Dem Protagonisten Dieter Stein sind Züge des polnischen Juden Oswald Rufeisen eingeschrieben; er ist die zentrale Figur in Ljudmila Ulitzkajas epochalen Roman. Rufeisens dramatische Überlebensgeschichte hat die gängigen politischen und historischen Täter-Opfer-Schemata gesprengt und die Druckwelle hält an: Ein Jude, der gezwungenermaßen bei den Deutschen Faschisten diente und seine Stellung dafür nutzte, Juden vor der Vernichtung zu retten, der verraten wurde und von einem deutschen Offizier des Tötungskommandos Gelegenheit zur Flucht erhielt, der von russischen Partisanen mit dem Tod bedroht wurde, entzieht sich einer ideologisch geführten Geschichtsdeutung.
Auch hinsichtlich seiner Glaubensauffassung scheint Daniel Stein in kein Raster zu passen: Der durch die Morde an seinen jüdischen Mitbürgern traumatisierte junge Mann findet zum katholischen Glauben und geht nach Israel, um als Seelsorger zu arbeiten, aber er besteht darauf, Jude zu sein.
In ihrem fiktionalen und vielschichtigen Romankonstrukt lässt Ulitzkaja einen Großteil von Figuren über Jahrzehnte zwischen Staaten der ehemaligen Sowjetunion, Polen, den USA und dem Nahen Osten agieren.
Heike Müller-Mertens Romadaption stellt das Wirken von Pater Daniel Stein in seiner Kirche in Haifa zwischen 1960 und 1995 ins Zentrum.
Durch die Hölle gegangen und wiedergeboren lebt er den Traum von der Gründung einer zukunftsweisenden Gemeinschaft, die Christen und Juden als Glaubensbrüder vereint. Diese kümmern sich gemeinsam um die Lösung sozialer Probleme für die Schwachen und Bedürftigen, von denen es im Einwanderungsland Israel viele gibt und immer neue geben wird.
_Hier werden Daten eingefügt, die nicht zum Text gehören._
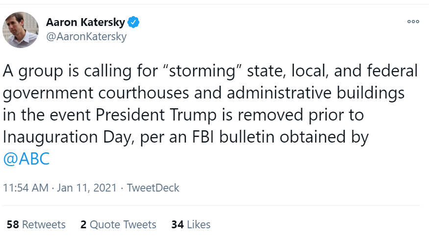 A bombshell report this afternoon from ABC News: "The FBI has 'received information about an identified armed group intending to travel to Washington, DC on 16 January. They have warned that if Congress attempts to remove POTUS via the 25th Amendment a huge uprising will occur,' according to a bulletin obtained by ABC," reports Aaron Katersky.

Dabei gerät Daniel schnell zwischen alle politischen und religiösen Fronten; der Sechstagekrieg und der Beginn der ersten Intifada verschärfen das Klima im Land und der israelisch – palästinensische Konflikt wird zur allgegenwärtigen Wunde, die sich nicht schließen lässt.
Da scheint kein Raum zu sein für eine Sekte von Träumern, die in arabischen Kirchen christliche Gottesdienste in hebräischer Sprache abhält. Irritierte Mitbürger, befremdete Ordensbrüder, kirchliche Institutionen in Jerusalem beargwöhnen das Treiben dieses kleinen Mannes mit dem großen Sendungsbewusstsein. Die römische Kurie muss reagieren …  Die Gemeindemitglieder geraten durch äußere Umstände in menschliche oder politische Konfliktlagen und Zerreißproben. Dabei werden Glaubensfragen zwischen Orthodoxie und Liberalität auf ihre Möglichkeiten und Grenzen hin untersucht und die kommunistische Ideologie als Glaubensersatz hinterfragt.
Ungeachtet aller Anfechtungen versucht Daniel zu beweisen, dass es am Ende immer Menschen sind, die ihren Glauben vertreten und damit prägen. Dass Religion nie abstrakt existiert.
Und obwohl es im Roman wie im Stück kein glückliches Ende gibt, wollen wir den Traum erzählen, ihn verteidigen, wie auch den Glauben, den es möglicherweise zur Realisierung braucht.